Exercise requirements: Where a picture appears, omit it; repeat everything else in the records exactly.

Given records:
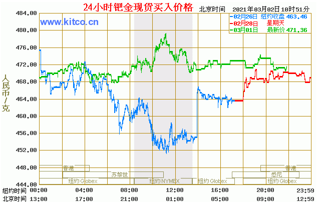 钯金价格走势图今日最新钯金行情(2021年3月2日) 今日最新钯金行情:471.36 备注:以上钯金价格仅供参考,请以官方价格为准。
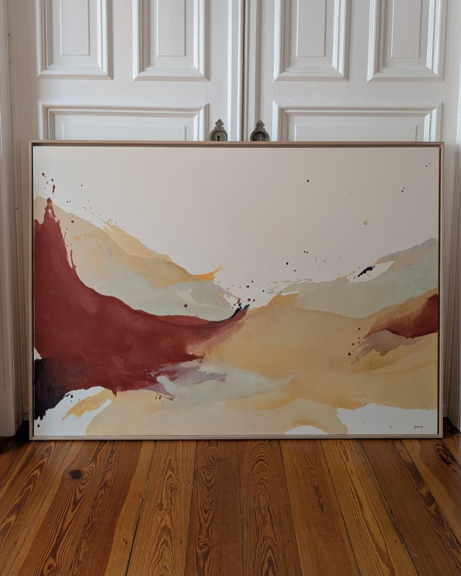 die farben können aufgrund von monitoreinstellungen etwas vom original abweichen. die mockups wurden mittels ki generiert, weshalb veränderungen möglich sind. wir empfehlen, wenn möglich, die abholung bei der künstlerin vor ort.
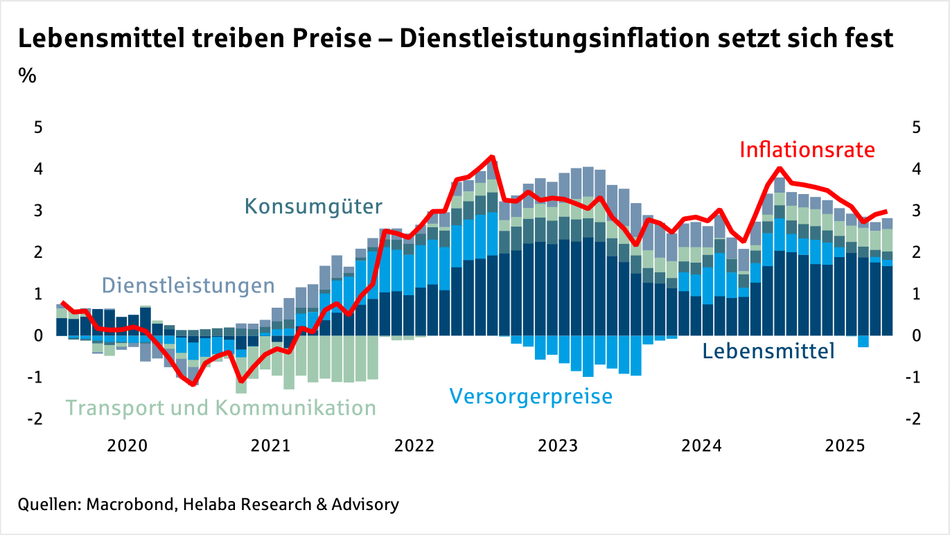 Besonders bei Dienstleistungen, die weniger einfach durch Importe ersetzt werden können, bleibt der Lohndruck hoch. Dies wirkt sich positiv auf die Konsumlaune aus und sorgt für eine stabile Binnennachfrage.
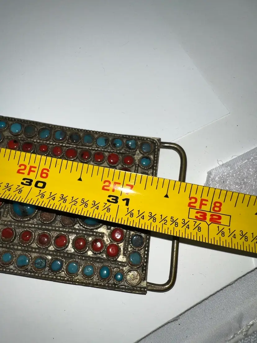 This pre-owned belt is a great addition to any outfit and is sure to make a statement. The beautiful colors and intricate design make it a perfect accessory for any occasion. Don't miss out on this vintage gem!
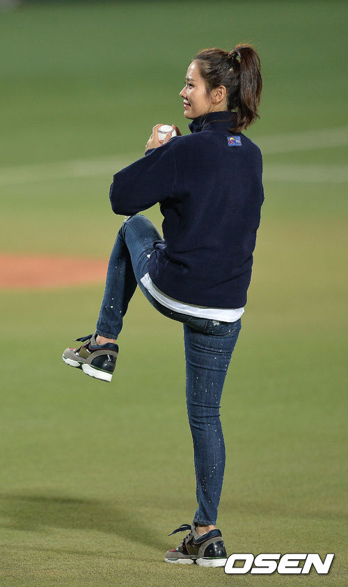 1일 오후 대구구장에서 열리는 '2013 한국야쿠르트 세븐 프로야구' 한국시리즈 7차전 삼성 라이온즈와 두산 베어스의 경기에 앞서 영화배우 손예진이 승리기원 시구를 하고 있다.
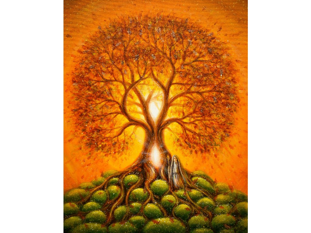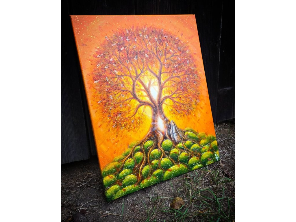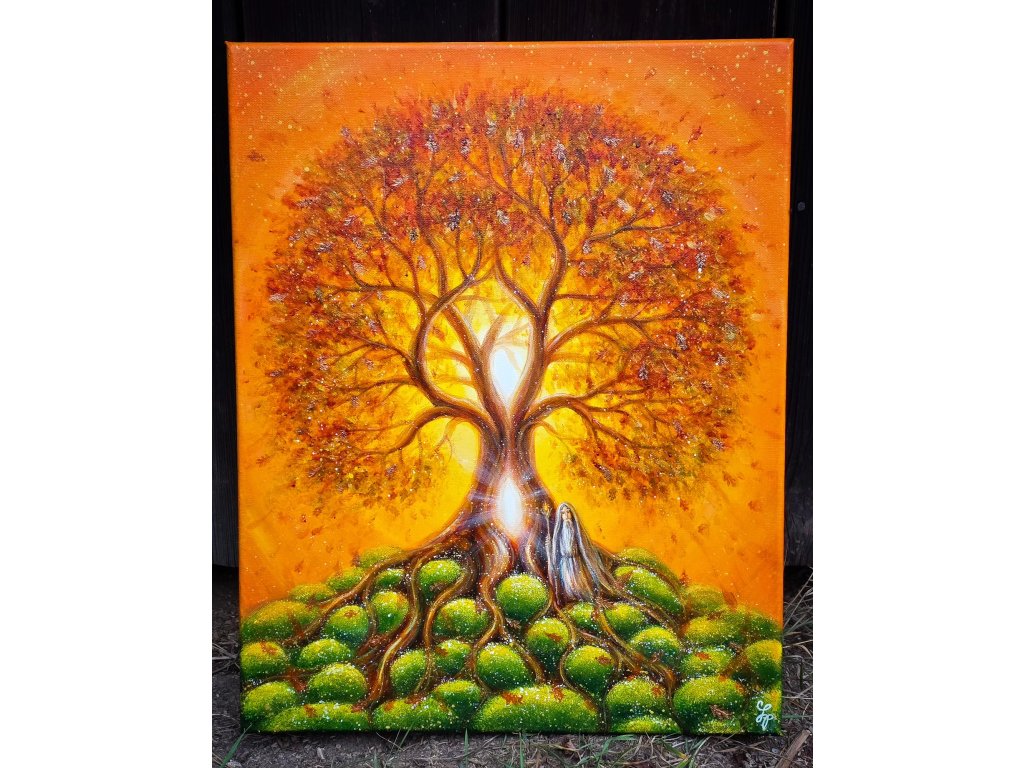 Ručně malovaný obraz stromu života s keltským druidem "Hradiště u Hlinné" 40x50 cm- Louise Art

Task response:
 钯金价格走势图今日最新钯金行情(2021年3月2日) 今日最新钯金行情:471.36 备注:以上钯金价格仅供参考,请以官方价格为准。
 die farben können aufgrund von monitoreinstellungen etwas vom original abweichen. die mockups wurden mittels ki generiert, weshalb veränderungen möglich sind. wir empfehlen, wenn möglich, die abholung bei der künstlerin vor ort.
 Besonders bei Dienstleistungen, die weniger einfach durch Importe ersetzt werden können, bleibt der Lohndruck hoch. Dies wirkt sich positiv auf die Konsumlaune aus und sorgt für eine stabile Binnennachfrage.
 This pre-owned belt is a great addition to any outfit and is sure to make a statement. The beautiful colors and intricate design make it a perfect accessory for any occasion. Don't miss out on this vintage gem!
 1일 오후 대구구장에서 열리는 '2013 한국야쿠르트 세븐 프로야구' 한국시리즈 7차전 삼성 라이온즈와 두산 베어스의 경기에 앞서 영화배우 손예진이 승리기원 시구를 하고 있다.
 Ručně malovaný obraz stromu života s keltským druidem "Hradiště u Hlinné" 40x50 cm- Louise Art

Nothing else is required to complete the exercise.